Hey, Ive got a quick question on the shaft lenght of a trolling motor for my boat

I have a Tracker 1436 Flat Bottom Jon and I am looking to put a foot controlled trolling motor on it. The TM Im looking to buy is the Minn Kota Edge 46lb, the problem is that I dont know if I need the 36 or the 45 inch shaft. I measured the bow of my boat and 36in seems like it could be too short but Im not sure. Is the shaft measured from the very top of the TM or from where it meets the deck to the prop? I know my boat sets and little high in the front but I cant remember how much and every little piece of water up here in MI is frozen solid so I cant go check ( sucks). I usually dont use it for really shallow water so if the 45 was a little too long it should be ok. If the TM shaft is measured from the top of the TM to the prop then I have to figure out how far it will be above the bow of my boat to figure out how far it will hang down out of the boat. Ive suffered extreme hair loss tryin to figure this out, lol so any help would be greatly appreciated. Thanks [-o<


----------



## richg99 (Jan 29, 2011)

From the Minnkota site

https://www.minnkotamotors.com/products/trolling_motors/freshwater_transom_mount/enduraC2.aspx

# What about shaft length selection?

Choosing the correct shaft length is important so that the angler’s electric motor does not cavitate, creating fish-spooking noise. The rule of thumb is that the center of the motor section should be submerged 9". In general, shaft length selection is more critical with bow-mount motors versus transom-mount motors. Most boat transoms are similar in their distance to the water, and Minn Kota’s standard transom shaft lengths should be adequate. 
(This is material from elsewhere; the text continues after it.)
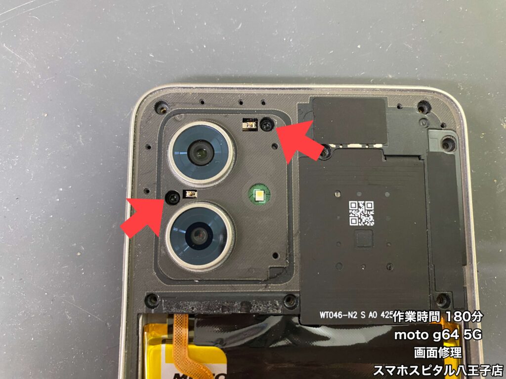 背面から分解する端末で、カメラレンズの下にもネジがあるよ!!
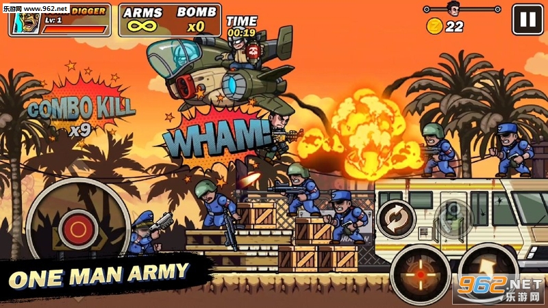 《金属突击队》是一款十分刺激的横版动作射击手游,带上你的武器装备,孤军深入敌人阵地,像个纯爷们一样去战斗。运用各种武器装备将所有的敌人轰成渣。不要觉得以一敌百是件很难的事,只要你反应够快,一切皆有可能。享受爆炸火光带来的无限快感吧!喜欢的小伙伴们赶紧下载吧!

With bow-mounted motors, there is much greater variation in shaft length requirements. Measure down from the mounting surface of the transom or bow to the water level. Add 5" to waterline measurement for fishing in rough water. Add 12" to waterline measurement for steering a hand control motor while standing. Use this measurement and the tables below to find the appropriate shaft length.

https://www.minnkotamotors.com/products/trolling_motors/freshwater_transom_mount/enduraC2.aspx


----------



## catfishjoe (Jan 30, 2011)

Thanks Richg99, that helped a lot. I thought I might be over thinking it but I guess not, lol. at least I can still find the water line on my boat from the ole dirty river ! cant wait till spring, no more trolling with the paddle !!


----------



## rusty.hook (Jan 31, 2011)

I always try to plan for the future. If you get a short shaft and it works fine for you now, but what if you get a bigger boat and want to transfer the motor to that boat, but it is too short, then you will have to buy a long shaft for that one. You can always raise the motor up on the mounting bracket if it's too long. I always buy the fold out bracket troll motor and mount a Big Foot floor mounted off-on switch on the front deck and use an extension handle. Also the reason I buy the hand model instead of the foot operated model is the amount of space the foot unit takes up, and the hand model is approx $200.00 cheaper.


----------



## catfishjoe (Jan 31, 2011)

Thanks rusty.hook, I think thats what Im gonna do is get a 45in shaft as we do plan on getting a bigger boat a few years from now. Heck I might just get the strongest one I can afford. I built a small deck up front yesterday to mount it on, lol. I cant wait untill next month ( Bass Pro Trip ) !


----------